I sometimes look at my mind as a warehouse that has been passed through a blender. Can you picture that? Neither can I, but that’s what I see. I have seen so many films and television shows and have read so many books that my mind has split into two distinct warehouses. The first one is filled with filing cabinets. Each cabinet is a genre or a movie franchise. All of the ideas inside any particular cabinet are kept organized in neat folders. The second one is a vortex of swirling data. Nothing is in place, and ideas smash into other ideas.
|My Mind Is A Blender|
This second warehouse is where the ideas come from. It could be Jurassic Park‘s velociraptors hitting the Martian War Machines from The War of the Worlds. Out of that comes an idea of a squadron of WWII fighter planes “manned” by trained raptors. Weird, yes, but that’s how the process works. Not all of the ideas work well at all, but enough do to keep the vortex at high velocity.

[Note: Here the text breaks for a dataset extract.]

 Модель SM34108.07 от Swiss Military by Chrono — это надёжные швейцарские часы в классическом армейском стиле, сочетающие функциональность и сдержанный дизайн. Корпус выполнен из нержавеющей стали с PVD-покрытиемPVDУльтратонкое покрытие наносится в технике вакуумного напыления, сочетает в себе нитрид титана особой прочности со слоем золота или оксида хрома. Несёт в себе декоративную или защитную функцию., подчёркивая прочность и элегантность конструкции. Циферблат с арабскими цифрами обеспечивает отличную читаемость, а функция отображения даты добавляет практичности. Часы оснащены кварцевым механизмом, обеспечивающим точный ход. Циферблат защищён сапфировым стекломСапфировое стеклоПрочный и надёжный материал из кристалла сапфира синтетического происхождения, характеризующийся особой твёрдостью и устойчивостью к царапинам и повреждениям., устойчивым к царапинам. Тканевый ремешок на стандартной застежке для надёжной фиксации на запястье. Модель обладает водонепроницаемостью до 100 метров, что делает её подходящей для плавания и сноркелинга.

When it comes to creating characters, I take a great deal more care with them than I do a story idea. Stories are made up of characters who are in situations they must get out of somehow. Without characters, you only have situations and challenges without someone to grapple with them. For me, characters come in different layers. Each layer is important, and they are all tied together. One cannot be separated from any of the others.
|Each Layer Is Important To The Others|
Here are some of the layers I use to create a character. Put as many of these things into your story and give your people’s existence some reality.

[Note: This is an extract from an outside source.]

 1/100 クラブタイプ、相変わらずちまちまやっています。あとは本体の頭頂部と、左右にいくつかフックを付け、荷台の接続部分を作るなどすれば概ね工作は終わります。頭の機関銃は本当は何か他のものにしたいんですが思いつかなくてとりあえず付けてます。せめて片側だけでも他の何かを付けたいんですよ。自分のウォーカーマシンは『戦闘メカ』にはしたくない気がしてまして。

Prior Life. Their Back Story in other words.
Friends, Enemies and Relatives.
Eccentricities, Habits and Nits.
Real Life Dialogue, Idioms and Catch Phrases.
Believability, Honor and A Sense Of Humor.

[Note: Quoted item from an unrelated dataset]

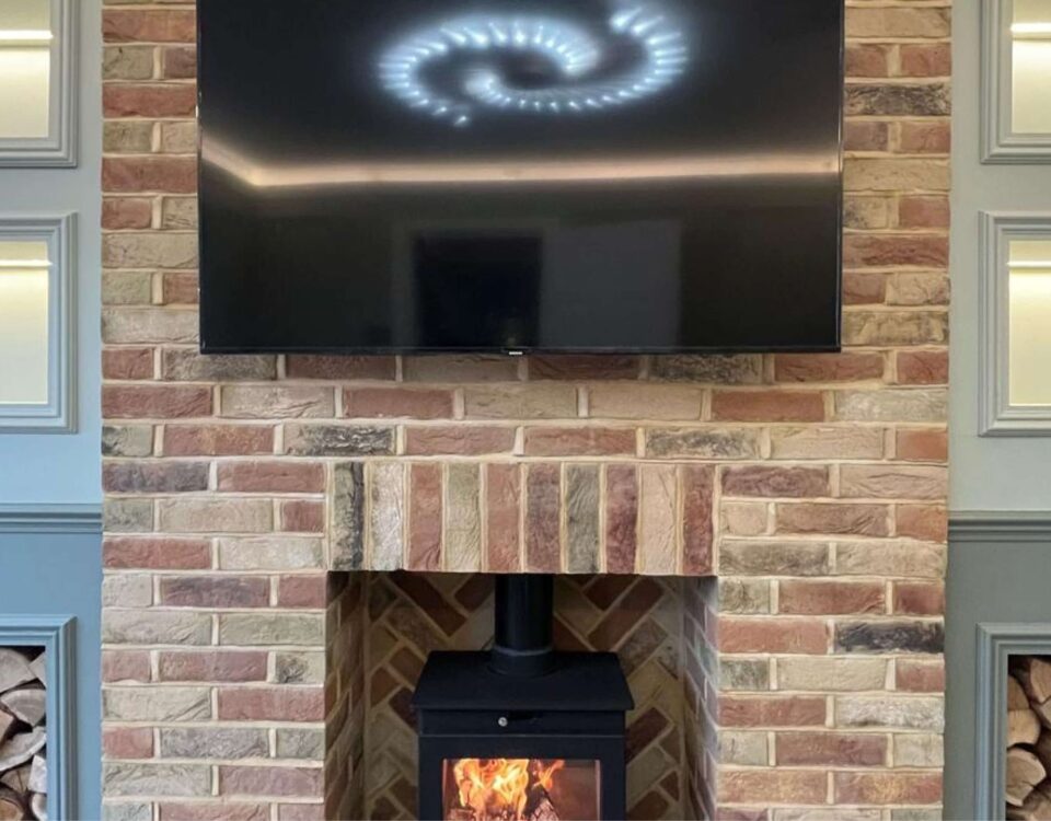 A seamless blend of tradition and technology—fireplace customized with display […]- Date

Fears, Beliefs and Superstitions.
Speech Patterns, Tics and Accents.
Goals, Dreams and Ambitions.
Curiosity, Interests and Dislikes.
John Pentgram. He started as a college assignment. I had to write a short story for my Creative Writing Final. The class received the assignment on Day Two of the class. I began to write down ideas, and found they were all terrible.
Then, one evening, I saw an old episode of Get Smart. In it, Maxwell Smart discovered that the enemy spy he had been chasing could not be caught because he’s a vampire. That created a spark in my mind. What if I created a detective who has been bitten by a werewolf? Better yet what if he could control his werewolf urges and use his gift to solve crimes?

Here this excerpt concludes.